Un caso più articolato si deve all’oratore e politico greco Demostene: 

“… e non è vero che io abbia detto queste cose senza metterle per iscritto, che le abbia messe per iscritto senza andare in ambasceria, che sia andato in ambasceria senza persuadere i Tebani”.

(Le citazioni sono ricavate da Chaïm Perelman e Lucie Olbrechts-Tyteca, Trattato dell’argomentazione. La nuova retorica, Einaudi, 2013, pp. 190 e 542).

La stessa particolarità presenta un giudizio di Arthur Rubinstein su Leonard Bernstein, riportato in un annuncio pubblicitario per una collana di CD dedicata a quest’ultimo: 

“Il più grande pianista tra i direttori, il più grande direttore tra i compositori, il più grande compositore tra i pianisti…”.

Il testo inoltre è caratterizzato da una costruzione circolare, prodotta dall’epanadiplosi, la ripetizione di una parola all’inizio e alla fine (“pianista”, “pianisti”).

Un esempio famoso di anadiplosi lo troviamo anche nella Divina Commedia di Dante:

“…Ma passavam la selva tuttavia.

La selva, dico, di spiriti spessi…”

(Dante, Inferno, IV, vv. 65-66)

L’anadiplosi costituisce una specie di eco e si può registrare anche nel corso di un dialogo, quando uno dei due interlocutori ripete ciò che ha appena detto l’altro, per lo più per incoraggiarlo ad andare avanti nel discorso, ad aprirsi ulteriormente. Occorrenze si trovano in alcuni colloqui nel romanzo I Promessi Sposi.

Perpetua: “Ma! io l’avrei bene il mio povero parere da darle; ma poi…”.

Don Abbondio: “Ma poi, sentiamo”.

(Capitolo I).

Don Abbondio: “E poi, e poi, e poi…”.

Renzo: “E poi che cosa?”.

Don Abbondio: “E poi c’è degli imbrogli”.

Renzo: “Degli imbrogli?
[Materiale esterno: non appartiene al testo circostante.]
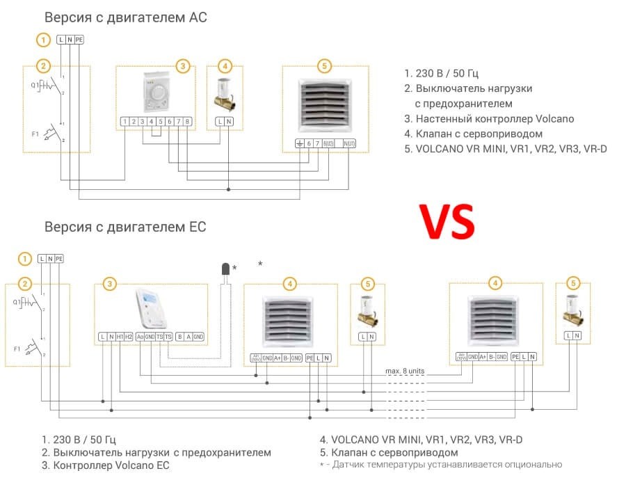 Ключевое отличие тепловентиляторов AC и EC заключается в типе двигателя.
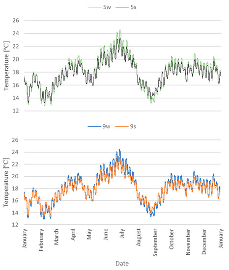 The analysis of temperature variation in variant 2 showed significant differences in the temperature of the floor inside the church at points 5w and 5s as well as 9w and 9s (Figure 12). The use of a stone floor contributed to the reduction in the annual amplitude of floor temperature fluctuations by 1.8 °C. In summer, a favourable phenomenon was found in the lower floor temperature by 1.3 °C compared to the wooden floor. In the autumn, winter and spring periods, a higher temperature of the stone floor was observed by 0.7 °C compared to the wooden floor, which should also be considered a favourable phenomenon.
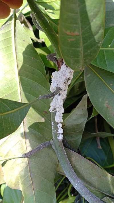 पेड़ की सम्पूर्ण डालियो तनो ओर नव अंकुरित डालियो पर पत्तियों पर बहुत अधिक मात्रा में ये सफेद कीट रुई के समान चिपका हुआ है पानी डालने पर इसमें से से हल्के पीले रंग के किट निकलते है
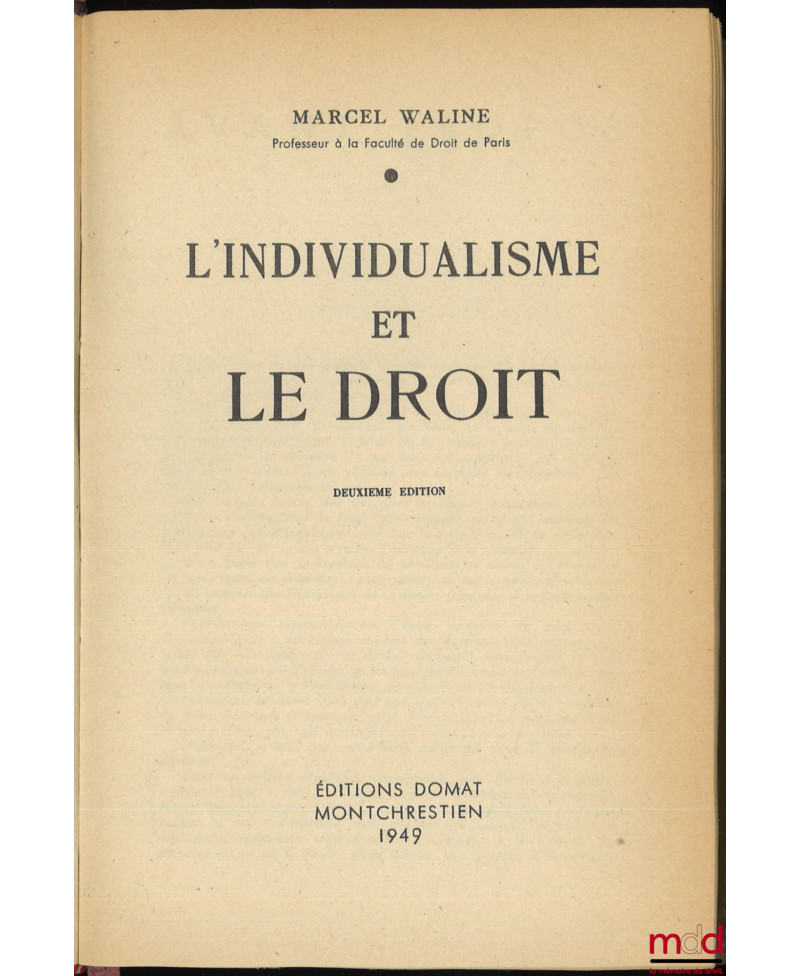 Ce livre est la reprise d’un cours professé par l’auteur à la faculté de droit de Paris en 1943-44 ; première partie : l’individu est-il la fin du droit (doctrine affirmant que l’individu est la fin du droit, doctrine niant que l’individu soit la fin du droit), deuxième partie les sources individuelles ou sociales du droit, (avec notamment un chapitre exceptionnel sur la création de droits subjectifs par les volontés individuelles dans le contrat), troisième partie les institutions juridiques inspirées de l’individualisme politique (la conception individualiste de la propriété, les droits de l’homme et la liberté publique, la limitation de l’État par le droit…). Rare.

Che imbrogli ci può essere?”.

(Capitolo II).

“Come ho detto io”, riprese la madre [Agnese]: “cuore e destrezza; e la cosa è facile”.

“Facile!” dissero insieme quei due [Renzo e Lucia], per cui la cosa era divenuta tanto stranamente e dolorosamente difficile.

(Capitolo VI).

Differenza tra anadiplosi, anafora e epifora

Spesso queste figure retoriche vengono confuse: si tratta di figure retoriche di ripetizione, ma nel caso dell’anafora la ripetizione è all’inizio di versi successivi, mentre nell’epifora si trova alla fine dei versi.